McCreary’s plea comes nine months after he first told FBI investigators that it was not Trump supporters but "antifa" who stormed the halls of government. He was arrested Feb. 3, during which his cell phone was confiscated.
On Thursday McCreary accepted a misdemeanor plea of entering or remaining in a restricted building, a charge that carries a maximum of one year in prison but sentencing guidelines of zero to six months, according to the Court House News Service.
During McCreary’s hearing, U.S. Chief Judge Beryl Howell noted that McCreary provided eight video clips to the FBI that documented the violent mob.
“When you were filming, did you hear — as captured on video — ‘where are they counting the fucking votes?’” Howell asked to confirm that McCreary partook in different activities inside the Capitol.
“A lot of people were yelling, your honor,” McCreary said. “I was trying to capture what was happening.”
McCreary also admitted to following the mob inside the Capitol and realizing he should have known that he wasn’t supposed to be there.
“I realized upon reflection that that should have been obvious to me,” McCreary said.
Among the videos of the violent mob, one showed rioters attacking Capitol Police Officer Eugene Goodman. Goodman a Black Capitol Police officer, heroically diverted a mob of angry Donald Trump supporters away from the Senate chamber during the Jan. 6 Capitol insurrection. Video footage shared to social media depicted him acting quickly and selflessly as angry mob members stormed the building.
Two others pleaded guilty Thursday, bringing the total number of guilty pleas up to 103. Last week, U.S. District Judge Thomas Hogan shared that he was afraid some rioters were taking early plea deals with no remorse for their actions, and were only saying whatever they thought prosecutors wanted to hear.
“It’s become evident to me in the riot cases … that many of the defendants who are pleading guilty are not truly accepting responsibility. They seem to me to be trying to get this out of the way as quickly and as inexpensively as possible and stating whatever they have to say in guilty pleas and hoping to get probation and leave,” Hogan said.
Most of the 100 rioters who have pleaded guilty have admitted to a lesser crime than what they were originally charged with, including parading, demonstrating, or picketing in the Capitol—Class B misdemeanors that carry a maximum sentence of six months in jail.
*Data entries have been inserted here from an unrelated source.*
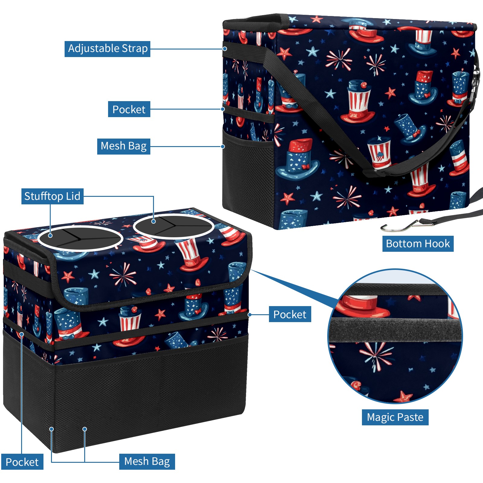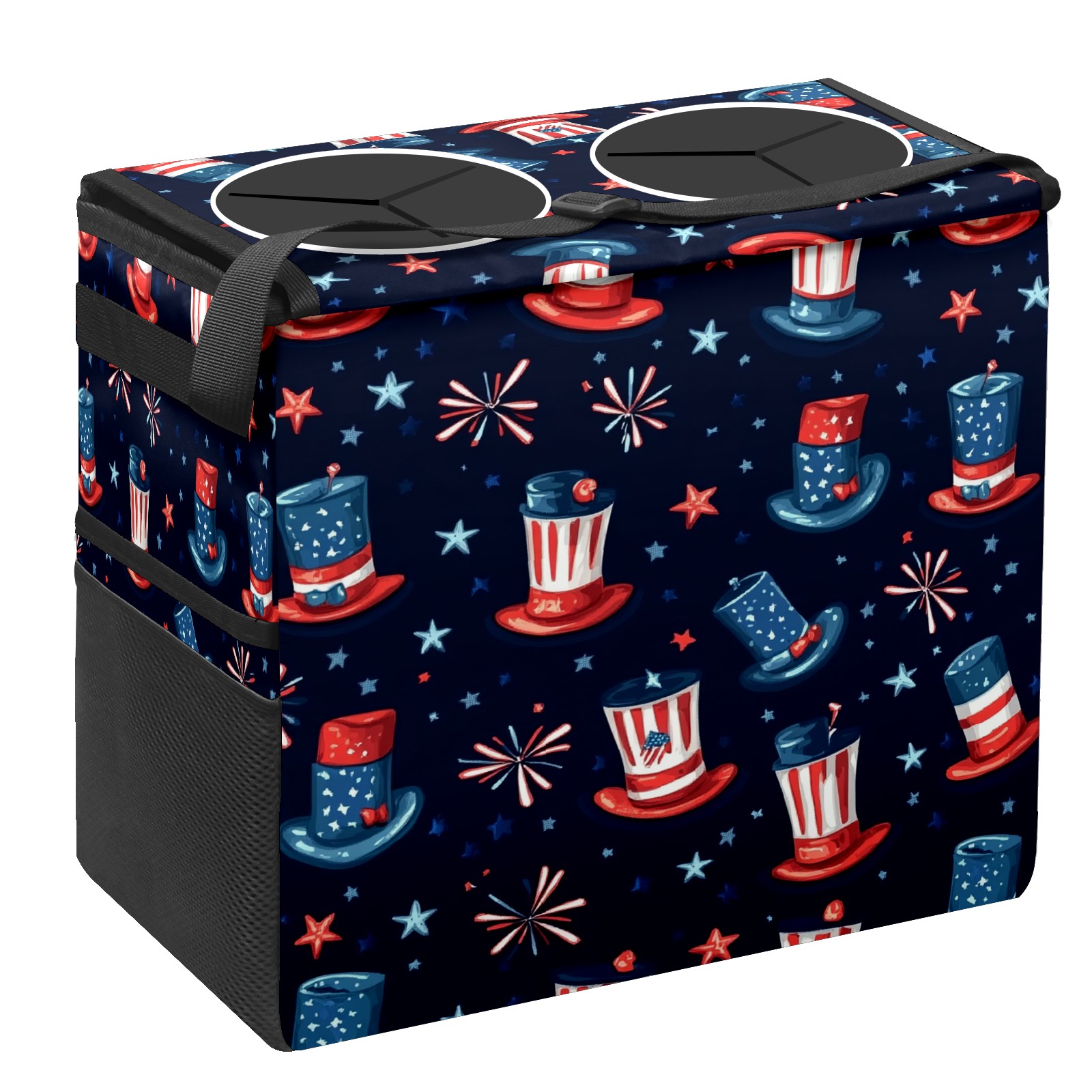 Car Trash Can with Lid, Portable Hanging Automotive Garbage Bin for Vehicles, Leakproof Waste Bag Container for SUV Truck Van Interior Auto Travel Road Trips(American Flag Top Hats)
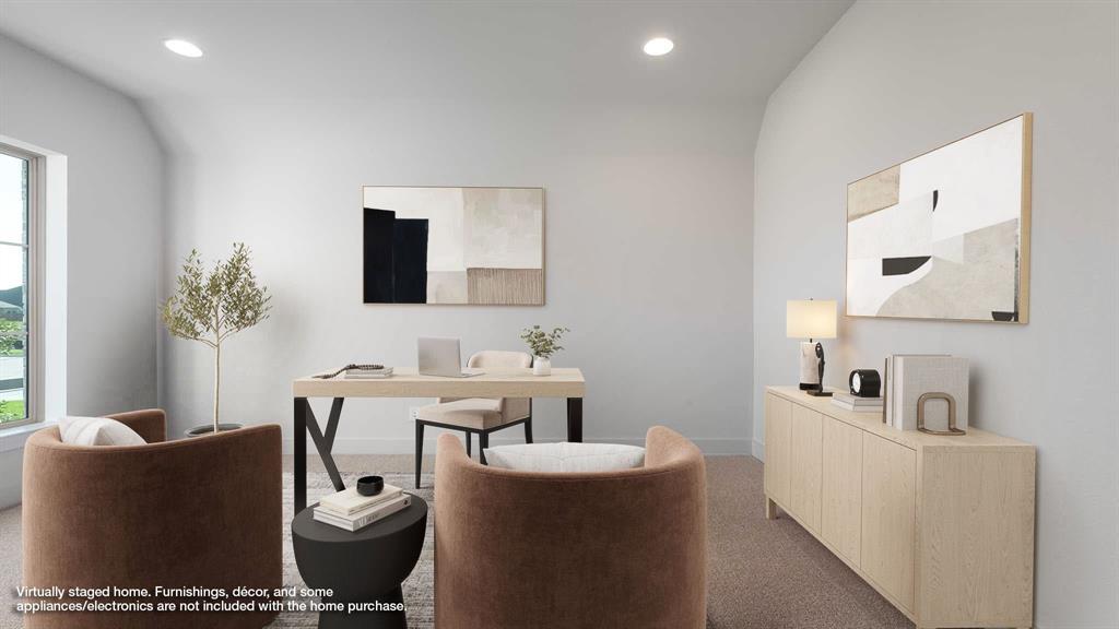 Extended entryway with 12-foot ceilings. Game room with French doors frame the entry. Spacious family room with a wood mantel fireplace and wall of windows. Open kitchen offers an island with built-in seating space, 5-burner gas cooktop and a corner walk-in pantry. Primary suite with a wall of windows. Dual vanities, freestanding tub, separate glass enclosed shower and two walk-in closets in the primary bath. Guest suite just off the extended entry with a full bathroom and walk-in closet. Secondary bedrooms with walk-in closets. Utility room with private access to the primary bathroom. Covered backyard patio. Mud room just off the two-car garage with additional garage bay space.
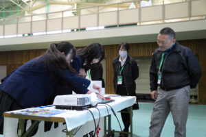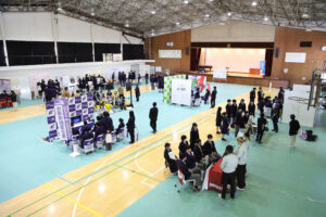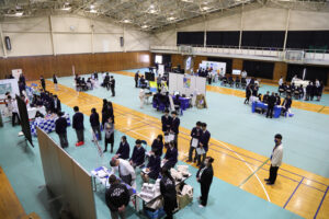 当日は那須拓陽高校の第一体育館と第二体育館に24社の出展企業ブースが並びました。
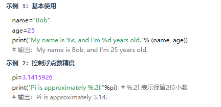 语法:"格式字符串" % (值1, 值2, ...)占位符:%s(字符串)、%d(整数)、%f(浮点数)等。
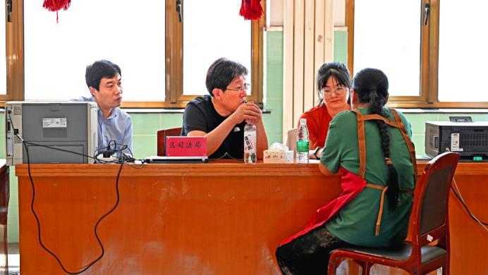 8月6日,北京市懷柔區(qū)司法局工作人員與律師一起走進(jìn)琉璃廟鎮(zhèn),為受災(zāi)群眾提供法律咨詢服務(wù)。法治日報全媒體記者 楊晉峰 攝
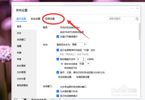 之后在系统设置界面里,点击“权限设置”。
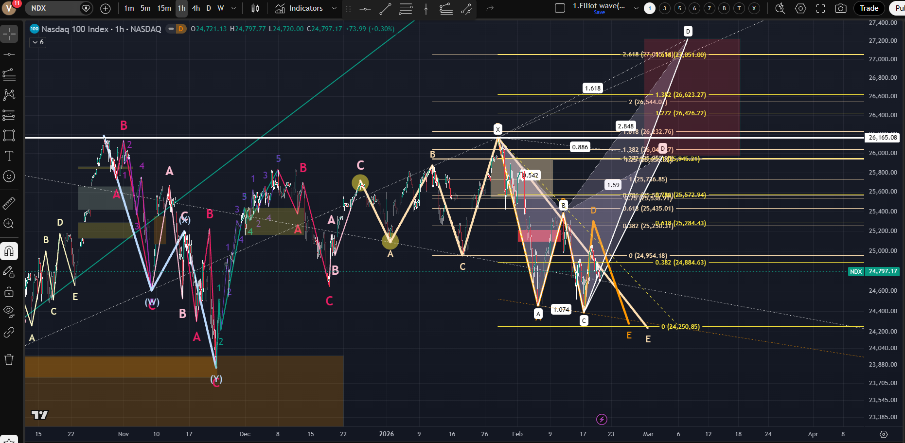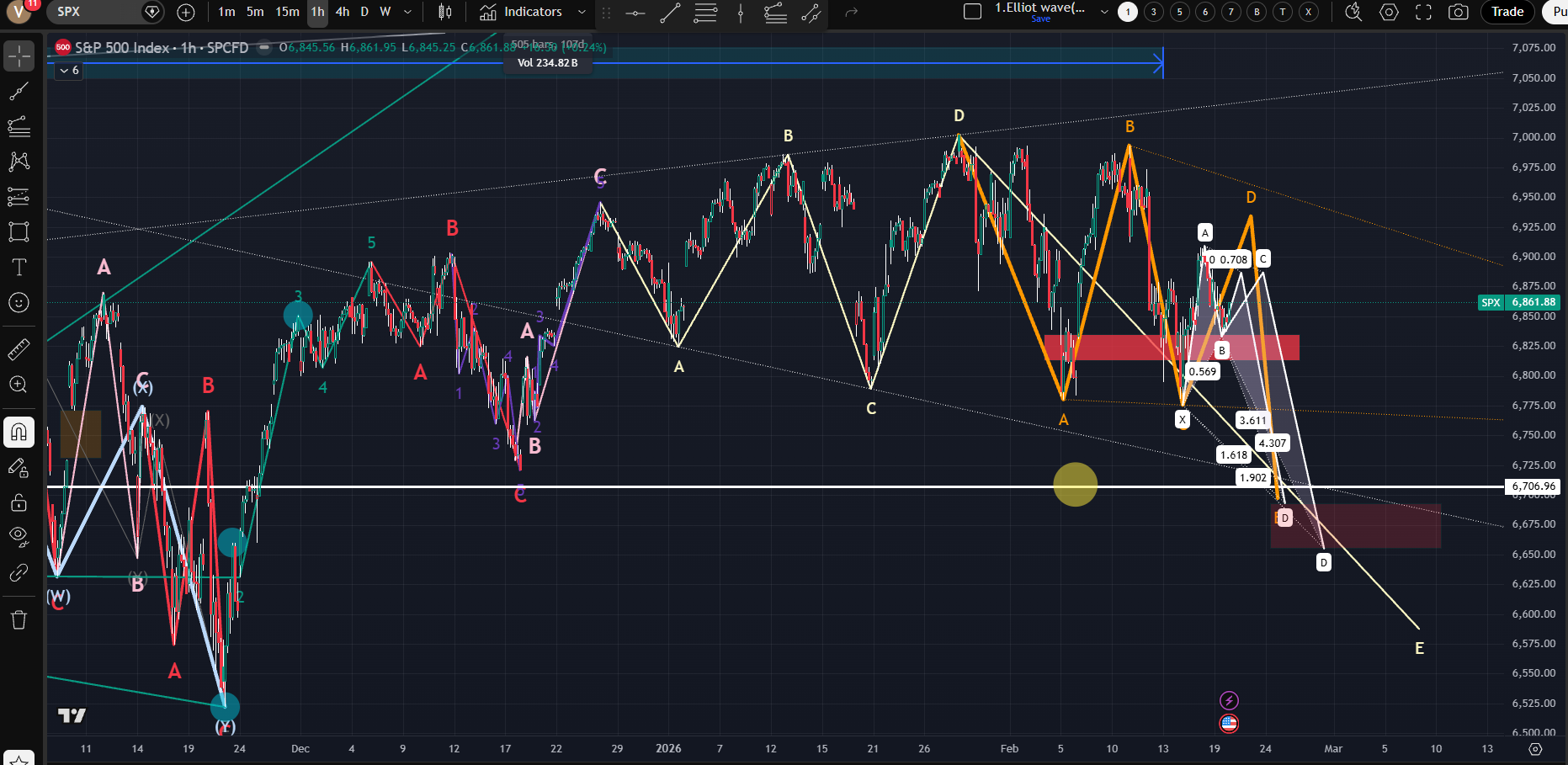 [삼각형 e파에서 다시 삼각형이 이어지는 것으로 생각중...큰 삼각형이 무제한 확산이라고 하면 뒷부분이 플랫 파동일 가능성도 다분하다. 어떻게 되든 위아래로 확실한 방향을 보여줘야하는데..하락후 상승을 생각중이고...옵션 만기일, 이란 제한적 공격, IEEPA 판결 등 이슈로 한번 끄집어 내리고 진행할듯한데....낙폭이 너무 적기때문에 조금더 기다리기로...지루하다]
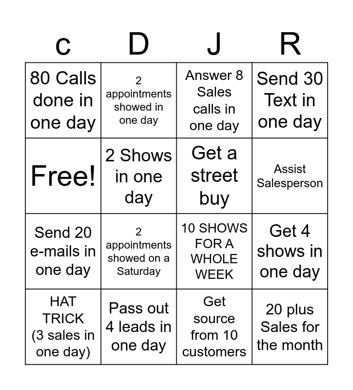 This bingo card has 16 words: Pass out 4 leads in one day, Get 4 shows in one day, Answer 8 Sales calls in one day, 80 Calls done in one day, Send 20 e-mails in one day, 2 appointments showed in one day, 10 SHOWS FOR A WHOLE WEEK, Get source from 10 customers, Free!, 2 Shows in one day, HAT TRICK (3 sales in one day), Send 30 Text in one day, 2 appointments showed on a Saturday, Assist Salesperson, Get a street buy and 20 plus Sales for the month.
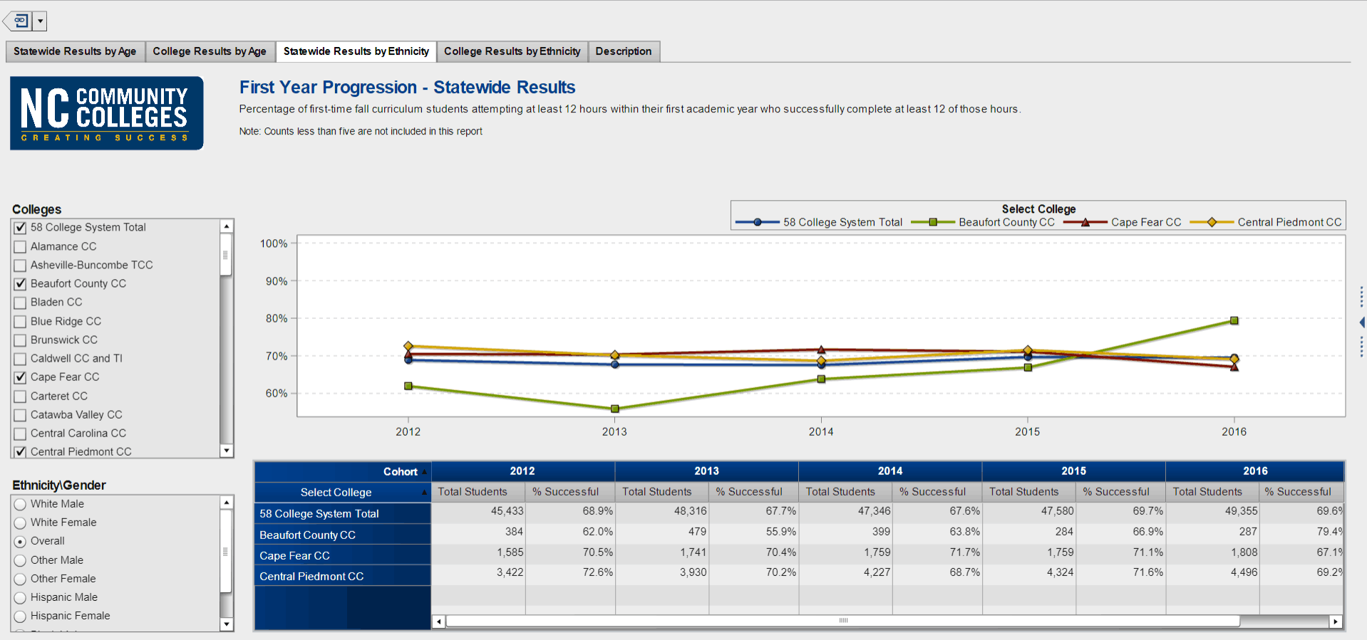 All of the data available online are aggregated at the college level. However, you can disaggregate the data based on gender and ethnicity, allowing stakeholders insight into how different student groups are performing at each college and revealing achievement gaps between these groups.

As a result, many of these individuals avoid being tried on multiple charges, some of which carried more potential prison time.
Other newly released Jan.6 insurrection videos include the infamous Eric Munchel, coined the "zip-tie guy," and his mother, Lisa Marie Eisenhart, who worked their way through protesters to end up in the U.S. Senate gallery during the insurrection.
According to the Nashville Tennessean, a federal judge overseeing the case against Munchel and Eisenhart ordered the release of the 50-minute video that was recorded on a cell phone that the son wore on his vest during the riot. "I'm going to get me some of them motherf***ers," Munchel said in the video as he and his mother grabbed handfuls of plastic handcuffs or zip ties.
Both Munchel and Eisenhart are awaiting trial on federal charges.
Officials are strategically using footage posted online by those who attended the riots to prosecute them. As time continues to pass, more individuals are being charged daily.
“The country is watching to see what the consequences are for something that has not ever happened in the history of this country before,” U.S. District Judge Tanya Chutkan said, “for actions and crimes that threaten to undermine the rule of law and our democracy.”